1902 Wright Glider

The 1902 Wright Glider was the plane with which the Orville and Wilbur Wright achieved controlled flight.

History

Orville and Wilbur Wright were an exceptional team whose invention of the aircraft came about through a series of painstakingly detailed engineering tests and data collection. The Wrights departed entirely from the usual strategy involved in the earliest days of flight. Instead of taking an unproven aircraft to the top of a cliff or tower and jumping off, they decided instead to study the mechanics of flight to determine what was actually required in order to safely control an aircraft.

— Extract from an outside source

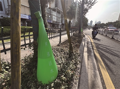 温州网讯 昨日,市区百里路上数十棵人行道树木挂着绿绿的“点滴”补水,在阳光的照射下特别醒目。该补水袋为15L容量的可调节微灌保湿袋,一袋水可用上10天左右。用这种方式补水,不但有效补水、养护增效,还能节水环保、节约人工,也不会影响城市绿化的美观度。

Preferring to remain just a few meters above the ground during their test flights, the Wrights realized that control was the key to successful flight and set about mastering that challenge in a series of incremental steps involving two earlier gliders, the first built in 1900 and the second in 1901. These carefully planned steps culminated in the much improved 1902 Glider, with which Wilbur and Orville finally achieved control of an aircraft through all three axes of its motion.

Image
1902 Wright Glider in level flight

Wilbur Wright gliding in level flight in 1902 at Kitty Hawk, North Carolina

Using a series of wires connected to a device operated by the pilot’s hips, the wings of the glider flex (or warp) in order to alter the lift forces that act on the wings and provide the ability to bank left and right. The front-mounted elevator, connected by bicycle chains to the pilot's hands, provided control around the pitch axis, allowing the aircraft nose to be pointed upward or downward as required to retain control during flight. Finally and perhaps most ingeniously, the rudder, connected to the hip-operated wing warping mechanism, assured that the nose of the aircraft turned into the direction of flight, thereby preventing a sideways slippage that, on trial flights, led to instability and loss of control.

Some scholars agree that the 1902 Glider was the most revolutionary aircraft ever created and the real embodiment of the genius of Orville and Wilbur Wright. Although the addition of a power plant to their 1903 Flyer resulted in their famous first flight, some scholars regard that improvement as a noteworthy addition to something that was truly a work of genius – the 1902 Glider.

The Science Center's Wright Glider

Image
1902 Wright Glider on display at the Science Center

A full-scale flying replica of the 1902 Wright Glider on display at the Science Center

The California Science Center’s 1902 Wright Glider is a full-scale flying replica of the glider in which Orville and Wilbur Wright mastered the control of an aircraft in flight. The glider was originally built in 1971 by Robert Q. Riley and flown that year at Lake El Mirage, California, a dry lake bed about 80 miles north of Los Angeles. Riley took the glider through four test flights until, on the last flight, a sudden stall from 20 feet altitude brought the test to an abrupt conclusion.

Riley, later president and owner of Robert Q. Riley Enterprises, Scottsdale, Arizona, donated the glider to the California Science Center (formerly the California Museum of Science and Industry) in 1976. It was then featured in the June 1977 issue of Mechanix Illustrated. In October 2001 the glider was disassembled and transported to Scottsdale, Arizona for fabric recovering and full restoration. Destroyed by fire in January 2002, the entire aircraft was rebuilt from scratch and returned to the Science Center in November 2003 to commemorate the 100th anniversary of powered flight. During the rebuild of the glider, Riley made a number of significant changes in the method of assembly and elevator control, making the current replica a faithful reproduction of the Wright Brothers’ original design. The glider bears a small plaque in memory of Debra Lynn Kaiser, who was a member of the Scottsdale restoration team.